My questions is: Why is it getting worse? I would not even consider repairing the ceiling until I was 100% sure it was no longer leaking. 
Any indication of water or dampness up there?


----------



## kvmommy (Nov 28, 2010)

There isn't any indication that there is any more water damage or anything. I think they repaired it themselves and just did a bad job which is why its falling in. But we checked thoroughly and found no damage. 
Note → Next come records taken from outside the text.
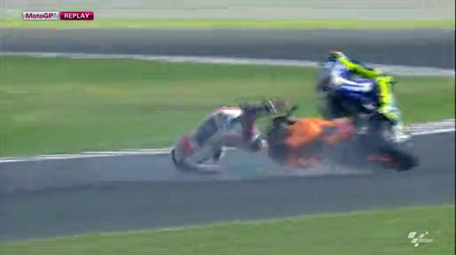 切り返しで接触した時にフロントタイヤが浮いてしまっているので、これはもぅリカバリーできなかったんでしょうね、残念。でもあれはロッシが先なので突っ込んじゃいけないところだよねぇ、やっぱりレース中闘争本能全開で冷静には判断できないのかなぁ。接触+タイヤがヘタってる状態じゃ難しかったのか。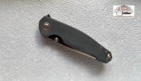 Lama: acciaio sinterizzato Böhler M390 temperato e trattamento criogenico; durezza HRC 59/61. Arrotatura piana, spessore 4 mm, stone washed. Meccanismo di blocco: liner lock in acciaio inossidabile temperato W.Nr.1.4116. Distanziale: in bronzo fosforoso monoblocco, lavorazione CNC. Manico: Canvas Micarta® nero. Clip: titanio sagomato. Viti: acciaio AISI 303; ghiera in bronzo. Meccanismo di rotazione: cuscinetti reggispinta. Peso 107gr, lunghezza totale 198mm, lunghezza lama 82mm. Confezione: scatola in cartone rinforzato con logo.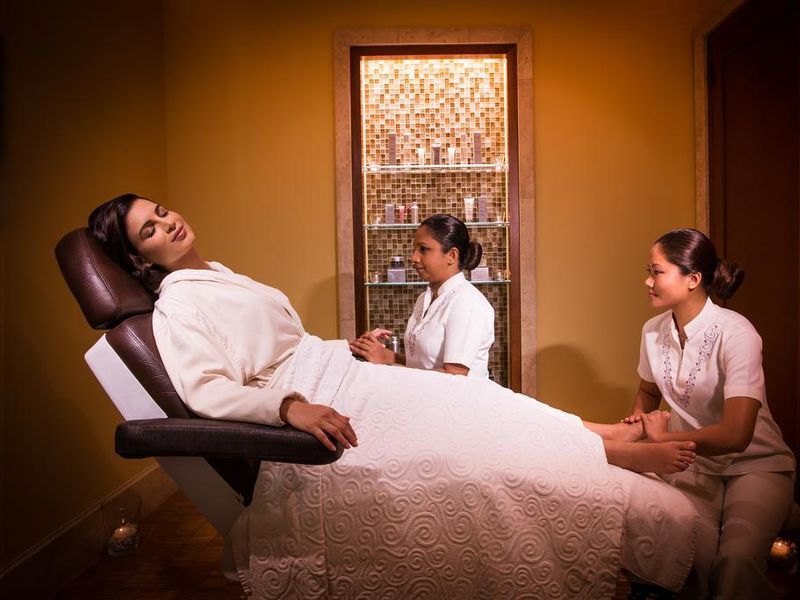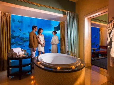 В Atlantis The Palm Jumeirah в СПА-центре есть бесплатная зона с джакузи, сауной, хамам, лаунжем для релакса, где кресла - кровати усыпаны лепестками роз, а гостям предлагаются журналы, фрукты и фруктовая вода.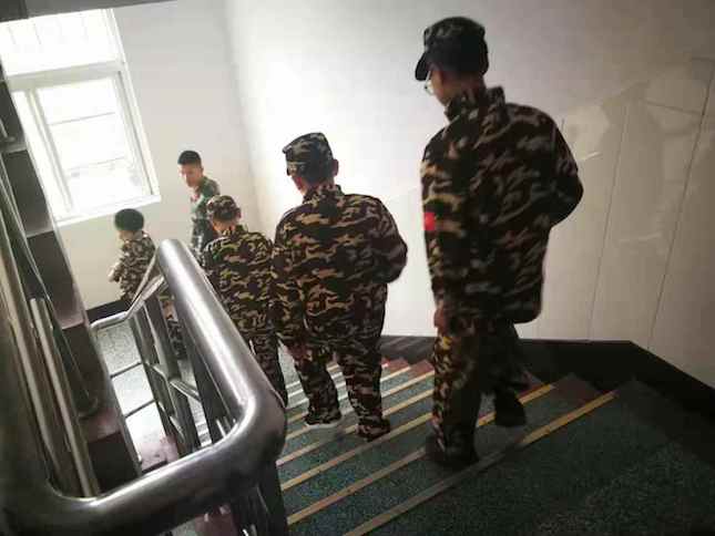 一声哨响:全体下楼集合!小战士们在教官的带领下,迅速排列整齐,有序下楼集合。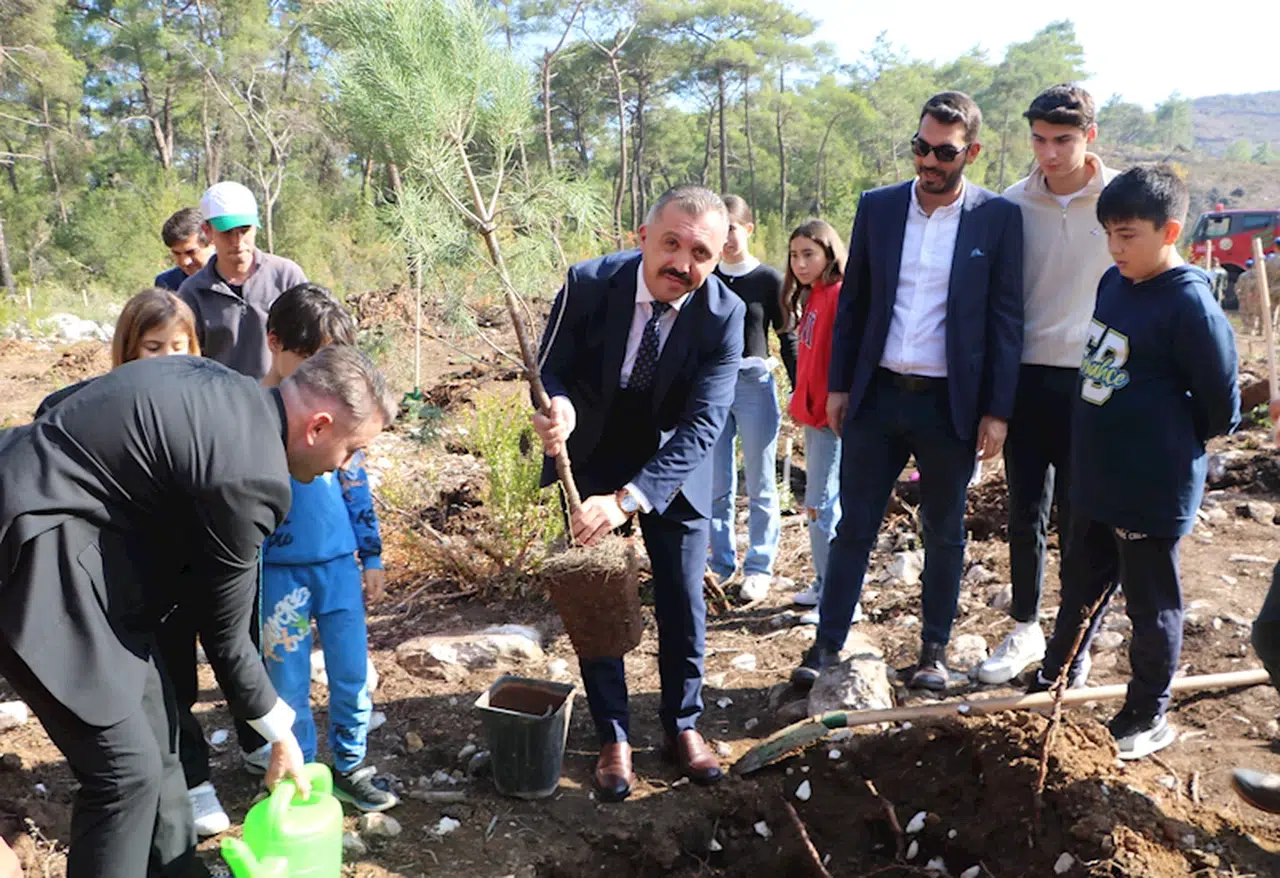 Kaymakam Ahmet Solmaz, ağaçlandırmanın önemine vurgu yaparak, "Orman deyince kadrini kıymetini en iyi anlayacağımız bölgelerden birinde yaşıyoruz. Geçen sene hepimizin canını yakan ve 400 hektarlık alanı etkileyen bir orman yangınını hepimiz sıkıntılı şekilde yaşamış olduk. Sadece orman görevlilerimiz değil sivil toplum örgütlerimiz ve tüm vatandaşlarımız en hassas duygularıyla o gün bu bölgede bu orman yangınını söndürmek için çaba ve gayret içinde oldu. İçinde bulunduğumuz bölge, deniziyle birlikte ormanıyla nam salmış, kendini göstermiş bir turizm bölgesi. Bizler misafirlerimizi sadece denizimizle değil, doğamızla da bu bölgeye çekiyoruz. Bu noktada 400 hektarlık alanın yeniden orman alanı olarak oluşturulması için Orman Bölge Müdürlüğümüzün koordinesinde ve işletme müdürlüğümüzün çalışmalarıyla milli parklarla birlikte bölgeyi yeniden canlandırmak için çalışmalarımızı devam ettiriyoruz. 1100 kilogram kızılçam tohumunun alana serpilmesiyle başlayan çalışmalarımızı bugün Milli Ağaçlandırma Günü'nde fidan dikimiyle devam ettiriyoruz. Bu bölgenin bu talihsiz olayı yaşamasına sebep olmuş etkenler insan da olsa doğal kaynaklar da olsa bizler üzerimize düşen sorumluluğu yerine getirip tekrardan her canlının önemli bir kaynağı olan doğanın yeniden şekillenmesi için görevimizi yerine getireceğiz" dedi.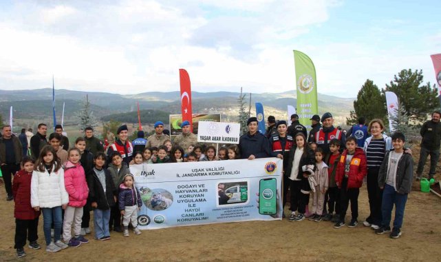 "Geleceğe Nefes, Dünyaya Nefes" sloganıyla her yıl ülke genelinde coşkuyla kutlanan 11 Kasım Millî Ağaçlandırma Günü kapsamında Uşak'ta da geniş katılımlı bir fidan dikim töreni düzenlendi.Uşak'ta 11 Kasım Milli Ağaçlandırma Günü'nde merkeze bağlı Sorkun köyü yakınlarında bulunan ormanlık alanda fidan dikme programı düzenlendi. Programa Vali Naci Aktaş, AK Parti Uşak Milletvekili Fahrettin Tuğrul, Uşak Belediye Başkanı Özkan Yalım, İl Emniyet Müdürü Taner Çiftçi, belediye başkan yardımcıları, kurum müdürleri, vatandaşlar ve öğrenciler katıldı.Ağaçlandırmanın önemine dikkat çeken Vali Aktaş, yaptığı konuşmada; "1 Kasım 2019 tarihinden bu yana Milli Ağaçlandırma Günü olarak etkinlik icra ediyoruz. Sayın Cumhurbaşkanımızın öncülüğünde yürütülen bu faaliyet kapsamında var olan ormanlarımızı korumak, hemşerilerimizde, vatandaşlarımızda çevre bilincini oluşturmak ve memleketimizi yeni ormanlar kazandırmak için etkinlikler, faaliyetler yürütüyoruz." dedi.Orman yangınlarına değinen Vali Aktaş, "Maalesef ki ilimiz son birkaç yıldır orman yangınlarıyla anılır bir il oldu. Bu sene 37 orman yangını ilimizde maalesef gerçekleşti ve 1500 hektarlık bir alanımız zarar gördü. Biz orman teşkilatımızın öncülüğünde hem var olan ormanlarımızı rehabilite etmeye, korumaya, yaşatmaya gayret ediyoruz. Hem yeni orman alanları kazandırmaya çalışıyoruz. Hem de yangından zarar gören ormanları rehabilite ederek fideleme faaliyetlerini yürütüyoruz." ifadelerini kullandı.Vali Aktaş'ın konuşmasının ardından AK Parti Uşak Milletvekili Fahrettin Tuğrul ve Özkan Yalım'da konuşma yaptı.Konuşmaların ardından protokol üyeleri, öğrenciler ve vatandaşlar, fidanları toprakla buluşturarak can suyu verdi.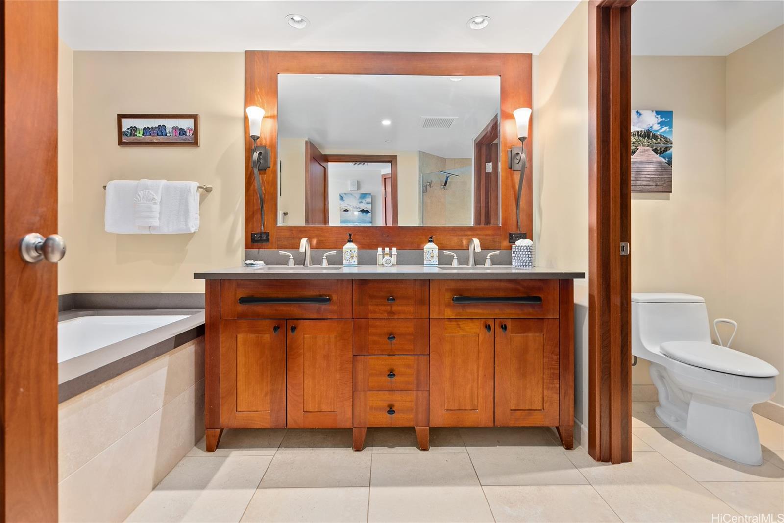 名高いコオリナのビーチヴィラにある、希少な3ベッドルーム、3バスルームのサンクチュアリで、極上のリゾートライフをご体験ください。オーシャンタワーの理想的なロケーションに位置するこのレジデンスは、島の優雅さと比類のない利便性を兼ね備え、2台分の駐車スペース(OT-004とBP1-111)と、非常に人気の高い特大の収納ロッカー(#L65)を備えています。マホガニーのポケットドアを抜けると、広々としたベランダに出ます。潮風が吹き抜け、緑豊かなトロピカルガーデンと太平洋の絶景が広がります。シェフ、ロイ・ヤマグチが手掛けたグルメキッチンは、Sub-ZeroとWolfの家電製品、磨き上げられた花崗岩、ワインセラーを備えています。トラバーチンのフローリングやマホガニーのクラウンモールディングなど、洗練されたタッチが、細部までこだわって手入れされたインテリア全体に施されています。 O-411は、コオリナの美しい砂浜ラグーンからすぐの、まさにターンキー方式の楽園のような物件を、合法的な短期賃貸物件としてご提供します。ラグーンプール、温水ラッププール、最先端のフィットネスセンター、サウナ、スチームルーム、そしてビーチフロントの専用バーなど、ワールドクラスのアメニティを存分にお楽しみください。ラグジュアリー、利便性、そして夕日の絶景が、このワールドクラスのリゾートであなたをお待ちしています。このヴィラの販売には、将来の短期賃貸のご予約も含まれます。

To the first poster...I have no idea what you're talking about with the ventilation holes.  But under the cracking plaster it doesn't look like drywall. It looks a gray rough concreteish type material so I have no clue how to go about it.


----------



## Donning (Jan 1, 2012)

I would be very concerned with the framing. It looks as if the structure is sagging. I am not sure how big the skylight is but it looks as if may span 2 or 3 rafters. That skylight should have had at least a doubled up rafter on each end to carry the roof load and a good strong box frame around it. Get a good framing carpenter or an architect to verify this. You don't want to screw around with roof framing


----------



## oh'mike (Sep 18, 2009)

Sorry to have confused you with the vent holes---I looked at your pictures and see that you have a flat ceiling---so my vent holes was wrong----

The drywall looks like it was attached and cut poorly --taped wrong and generally a mess---

I suggest that you remove a good sized area around the opening and hang new rock--avoiding any seams around that sky light---

Is that an attic above the ceiling? Can you see the box around the shy light from the attic?


----------



## conspikuous (Feb 7, 2012)

Just start scraping. Whatever you do, your not going to want to just cover it. The loose material definately has to go. Scrape off everything that comes off easily, including drywall tape you get your putty knnife under and then take more pics. Once we find out the framing is sound and get a better look, you might be able to just add some more drywall screws and re-tape it. You wouldnt want to use floor covering on your ceiling mainly because of the cost and the weight. Your ceiling doesn't need a hardwood, a lighter cheaper t&g would be the way to go. If your looking for a quick fix, just start scraping off the loose stuff. If your looking for a wood ceiling, start ripping it off back to the raftors.


----------